4. Read the new wiki pages
5. Ask a question about the topic
6. Repeat

Each cycle takes 2-5 minutes and makes the knowledge base richer.

## Important principles

- **Never modify files in `raw/`** — they are immutable sources of truth
- **The LLM owns `wiki/`** — it creates, updates, and maintains all wiki pages. The user reads them. If the user wants to fix something, they tell the LLM.
- **Keep it flat and simple** — plain markdown files with good schema beats any complex plugin stack
- **Compound your knowledge** — save valuable query answers back into wiki or outputs. Your research compounds together with your sources.
- **Run Lint monthly** — catches errors before they accumulate

## Adapting for non-Obsidian setups

The pattern works with any text editor.
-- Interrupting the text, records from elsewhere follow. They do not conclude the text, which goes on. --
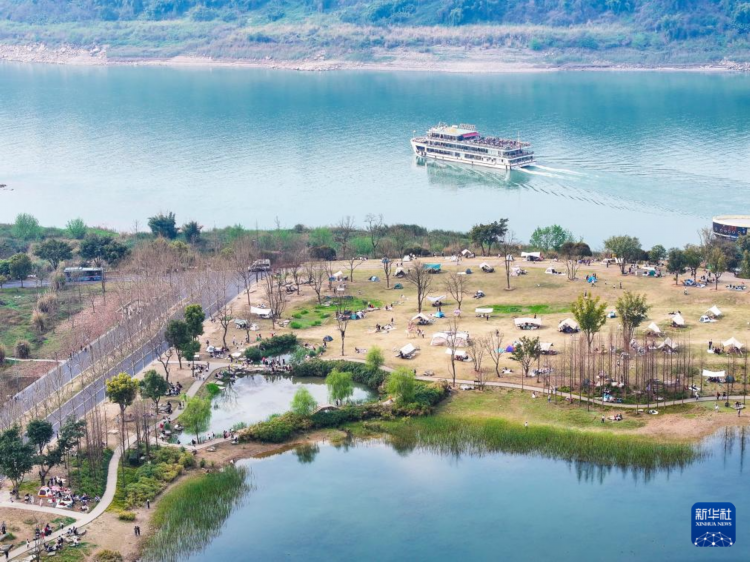 3月16日,游客在重庆广阳岛游览、休闲(无人机照片)。新华社记者 王全超 摄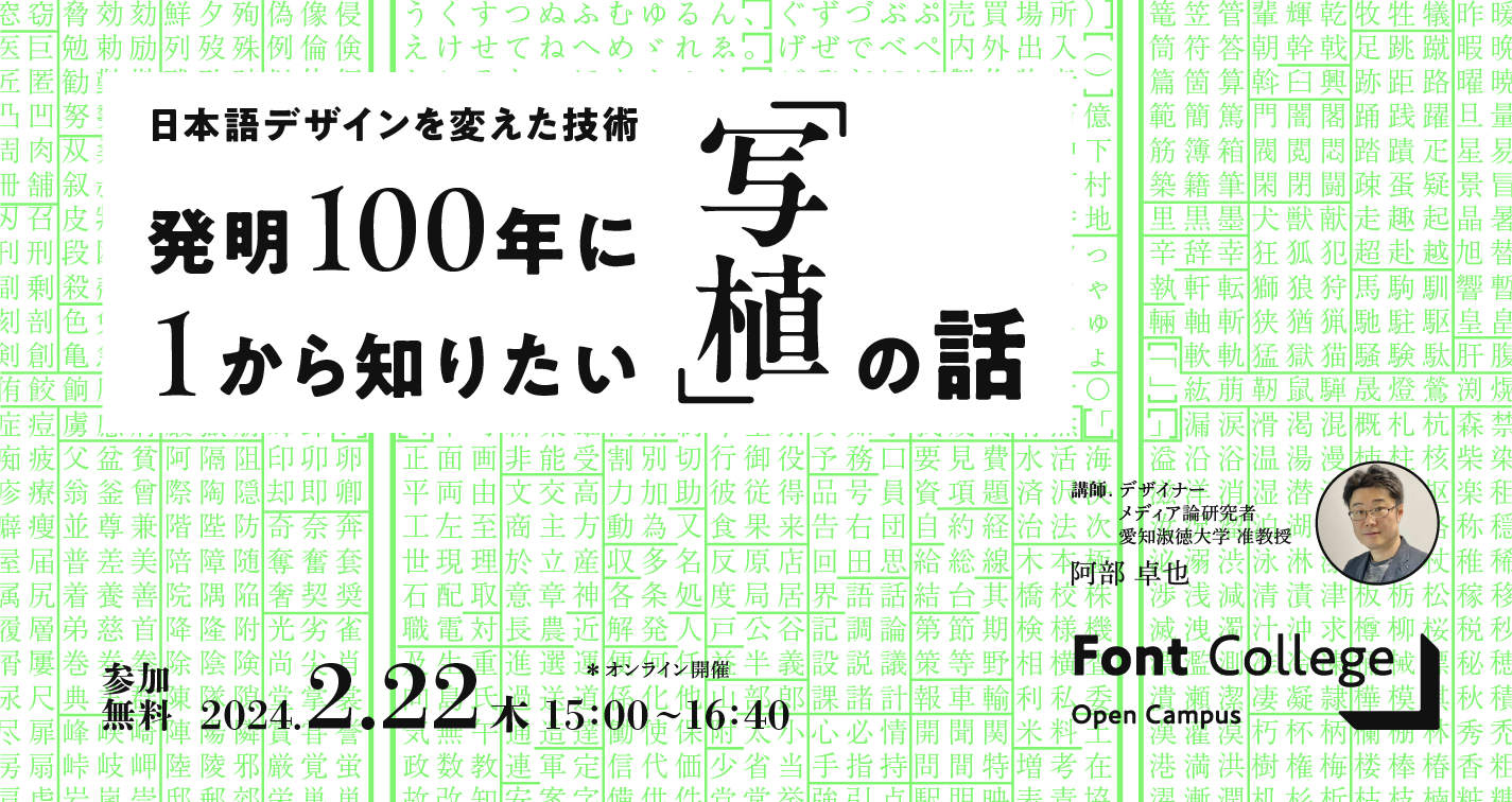 タイトル:Font College Open Campus 12「日本語デザインを変えた技術 発明100年に1から知りたい写植の話」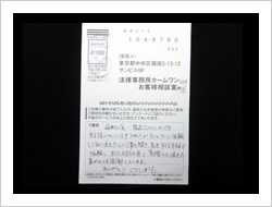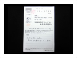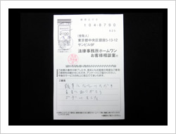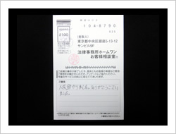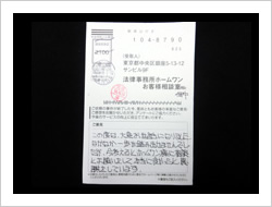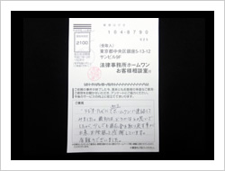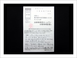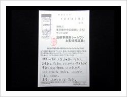 今回の私儀の解決に、速やかに対処していただき、本当に有りがとうございました。事務所の皆さまのTELでの対処のスピーディーさと、対応対話に感謝し、安心して、責務をまっとうする事に集中できました事、改めて感謝申し上げお礼にかえさせていただきます。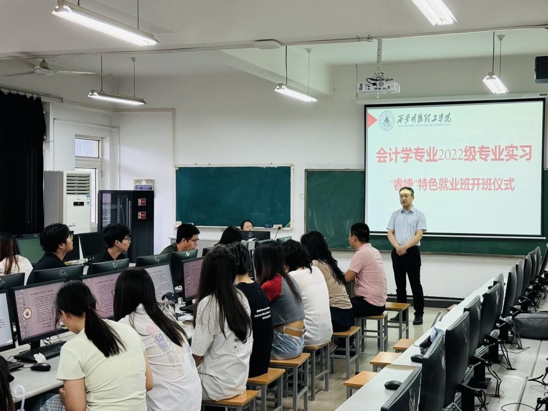 为进一步深化校企合作,推进校企协同育人,为学生搭建高质量实践与就业平台,6月30日上午,经济与管理学院会计学专业在明理楼318举行“睿婕”特色就业班开班仪式。学院党委书记兼行政副院长何文举、专业负责人张荣斌、孙琳,西安睿婕财务管理有限公司总经理田永刚、实训负责人韩蓓,20名入选特色就业班的学生参加了开班仪式,仪式由孙琳主持。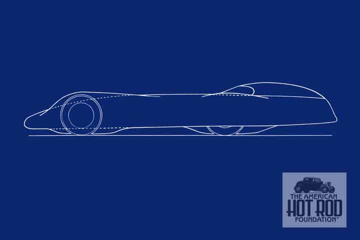 While we’re on the LSR kick check out our next image (JMC_1363). What we see is a concept drawing for Mickey Thompson’s Challenger I that was originally drawn by George Hill of Hill-Davis City of Burbank fame and appeared in the November ‘59 issue of our favorite hot rod magazine. Knowing what we do today about airflow over wing shapes, if this car had lost a rear wheel it could possibly have taken off like so many of the original streamliners did.
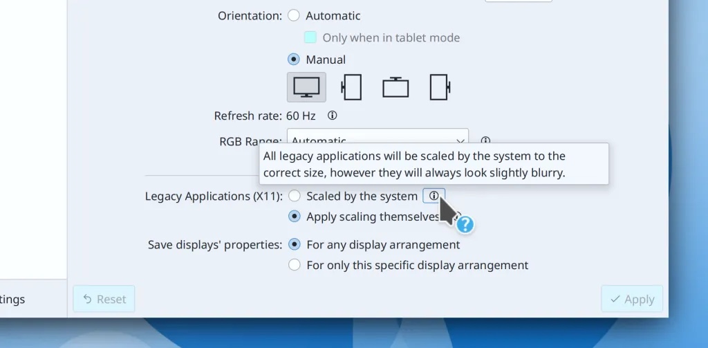 另一种是允许应用程序自己缩放。请注意,支持预置的 X11 HiDPI 的应用程序只能通过这种设置进行改善。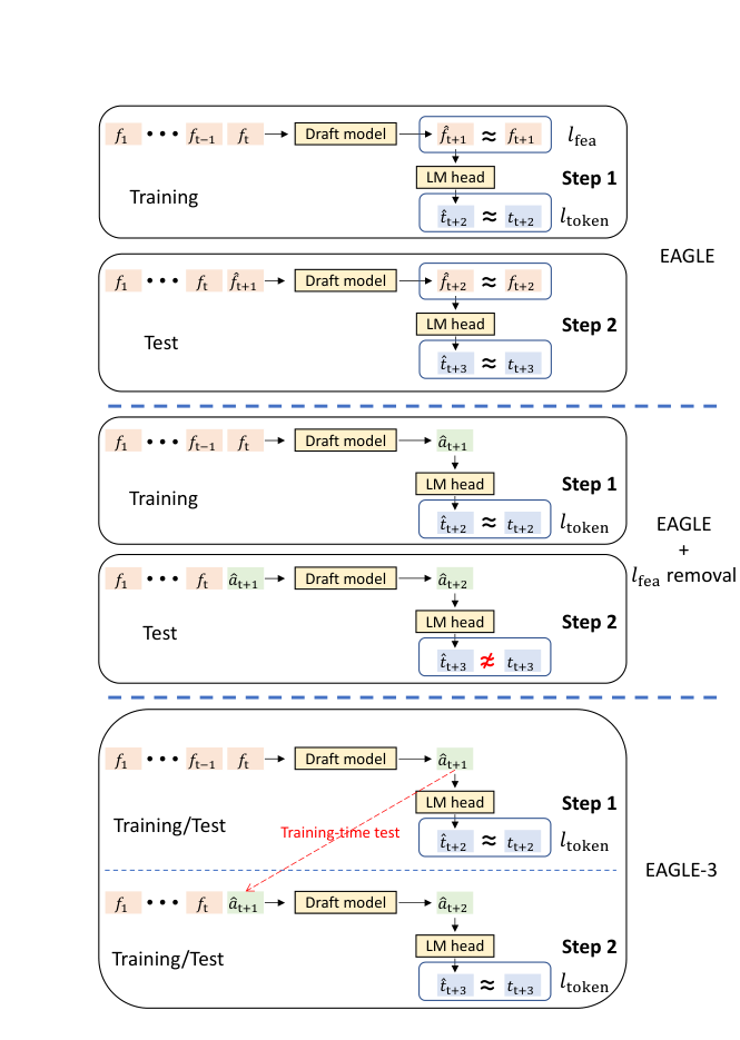 주목 포인트: 맨 아래 블록입니다. EAGLE-3는 훈련 단계부터 자기 출력을 다시 넣어 보며, 실제 추론과 비슷한 입력 환경을 미리 겪습니다.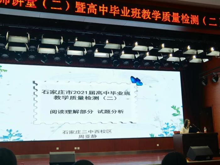 4月19日上午,由石家庄市教科所组织的市名师讲堂暨高中毕业班教学质量检测二英语学科分析会在河北师大附中召开。我校英语学科周亚静老师受邀在会上做了本次质检考试英语试卷阅读理解部分的分析与点评。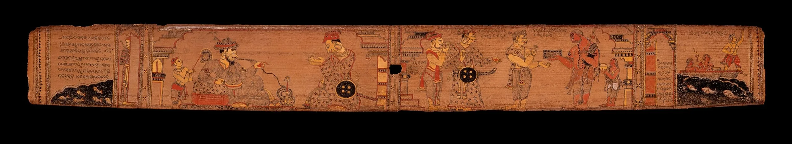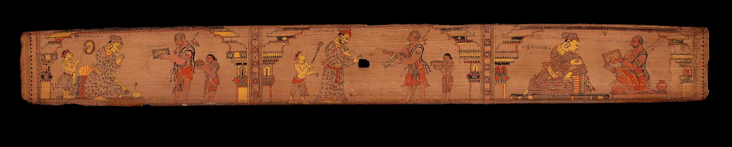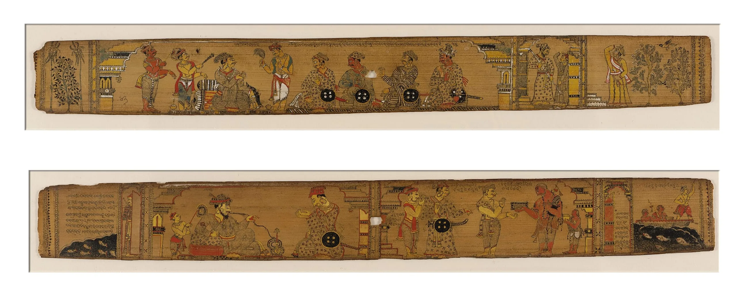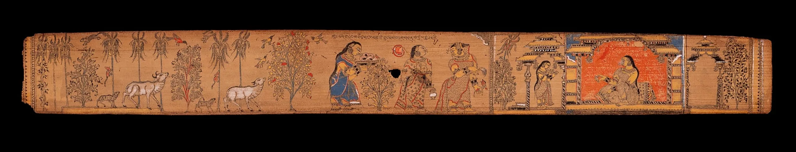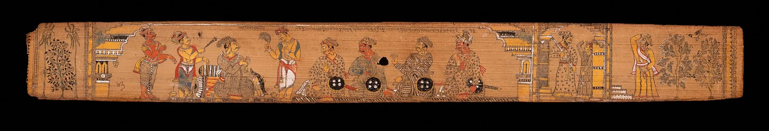 - Opaque watercolor and ink on palm leaf

Obsidian adds:
- **Graph View** (Cmd/Ctrl+G) — visualizes connections between pages
- **Dataview plugin** — auto-generates tables from frontmatter
- **Web Clipper** — one-click article saving

Without Obsidian, the user still gets the full wiki system — they just browse files in their editor of choice. `[[wiki-links]]` become documentation conventions rather than clickable links.

## Adapting for non-Claude-Code setups

The pattern works with any LLM agent that has file access:
- **Cursor** — same workflow, different IDE
- **Codex** — CLI-based, same commands
- **ChatGPT with file uploads** — manual file management, but the wiki pattern still applies
- **Any MCP-capable agent** — as long as it can read/write files

The key file is CLAUDE.md (rename to AGENTS.md or similar for other tools). It's the schema that teaches the LLM how to operate the knowledge base.